Gail Rae Conference Design

Get Vision


January 05, 2007

By Gail Rae

If seeing is believing, vision enhances conference value. So, consider a creative visioning session, starting with the most effective meeting you can imagine; motivating, energizing, and offering long term support for everyday issues. Consider all aspects of development:
• Cognitive
   o New knowledge
   o Integrate new knowledge with old, or current practices
   o Overcome obstacles, reassess priorities, collaborate
• Emotional
   o Attitudinal change, energy support
• Spiritual
   o Develop, confirm, change belief systems
• Behavioral (Skills and Actions)
   o Implementation – application to work or vocation
• Social

There is usually some of each aspect of development that needs to be addressed to effect change. Be thorough and you will be amazed at how effective you can be.

Method + Content = Results


January 03, 2007

By Gail Rae

Content and method are not only intertwined; they are inseparable. Information requires some form of media.
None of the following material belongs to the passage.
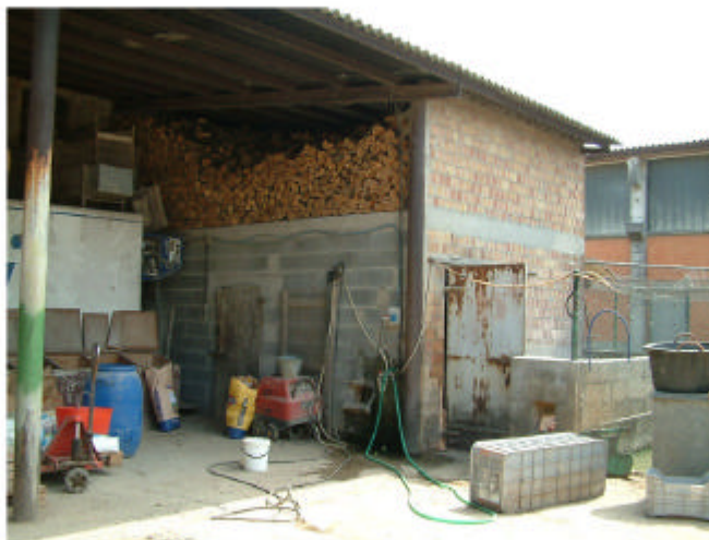
5. Edificio 1, parte 1e. Fronti ovest e sud

But content must be defined prior to determining the best method for its presentation. For example, at a recent conference, the sponsors wanted to teach their audience about the importance of nutrition in the treatment of a disease. But when questioned, the real issue was not that their audience lacked information, but that they needed to develop and practice arguments to advocate for more funding. Form follows function; method follows objective. If you want to achieve your objectives:

• Define the content
• Identify appropriate methods
• Reframe the content more specifically
• Select methodologies that support the learning objectives

Plan to engage both the left and right brain; use pictures instead of words, music, poetry, dance, and symbolic activities. The right methods produce the desired results.
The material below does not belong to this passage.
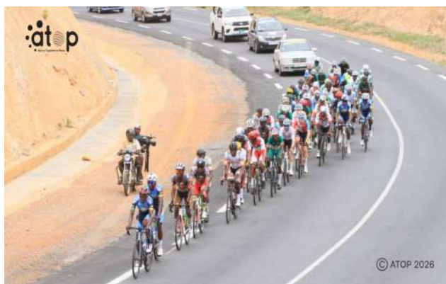
Les cyclistes bravant des obstacles (montée)

The New Conference Choreography


January 02, 2007

By Gail Rae

Remember the days when conference planners feared the introduction of teleconferencing, and then video-teleconferencing? Well, our former competition has become our new friends and has helped us to turn a corner in conference design. The easy accessibility of information transfer allows conference designers to increase the focus on stimulating the creative energy that can happen when people come face-to-face. No longer in the business of information downloads, conference designers can begin where technology-based forms of information transfer leave off. Using high involvement methods, targeted skills practice, networked conversations, and facilitated problem-solving methods, participants and their sponsors get to participate fully in a high involvement learning opportunity that is great value for money. This keeps conferences focused on what they’re good for – getting people together in intensely focused, highly engaging environments!